TRY IT
Please print the whole of the listing that follows exactly.

COLLECTED DATA
------------------------------

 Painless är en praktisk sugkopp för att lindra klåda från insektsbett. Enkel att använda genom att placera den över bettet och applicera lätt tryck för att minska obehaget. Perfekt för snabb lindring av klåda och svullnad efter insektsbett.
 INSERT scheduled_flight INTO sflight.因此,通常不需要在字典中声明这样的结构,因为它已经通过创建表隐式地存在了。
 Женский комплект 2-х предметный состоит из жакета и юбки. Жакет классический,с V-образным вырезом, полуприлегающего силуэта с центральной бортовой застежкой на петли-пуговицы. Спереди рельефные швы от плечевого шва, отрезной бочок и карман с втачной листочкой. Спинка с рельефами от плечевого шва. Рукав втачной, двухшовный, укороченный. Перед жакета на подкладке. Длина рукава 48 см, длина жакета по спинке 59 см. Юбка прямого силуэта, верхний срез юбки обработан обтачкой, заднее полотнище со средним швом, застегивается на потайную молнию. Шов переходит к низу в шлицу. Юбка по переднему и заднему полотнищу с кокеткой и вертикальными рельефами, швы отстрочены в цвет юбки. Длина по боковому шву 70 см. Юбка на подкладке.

------------------------------

YOUR SOLUTION
 Painless är en praktisk sugkopp för att lindra klåda från insektsbett. Enkel att använda genom att placera den över bettet och applicera lätt tryck för att minska obehaget. Perfekt för snabb lindring av klåda och svullnad efter insektsbett.
 INSERT scheduled_flight INTO sflight.因此,通常不需要在字典中声明这样的结构,因为它已经通过创建表隐式地存在了。
 Женский комплект 2-х предметный состоит из жакета и юбки. Жакет классический,с V-образным вырезом, полуприлегающего силуэта с центральной бортовой застежкой на петли-пуговицы. Спереди рельефные швы от плечевого шва, отрезной бочок и карман с втачной листочкой. Спинка с рельефами от плечевого шва. Рукав втачной, двухшовный, укороченный. Перед жакета на подкладке. Длина рукава 48 см, длина жакета по спинке 59 см. Юбка прямого силуэта, верхний срез юбки обработан обтачкой, заднее полотнище со средним швом, застегивается на потайную молнию. Шов переходит к низу в шлицу. Юбка по переднему и заднему полотнищу с кокеткой и вертикальными рельефами, швы отстрочены в цвет юбки. Длина по боковому шву 70 см. Юбка на подкладке.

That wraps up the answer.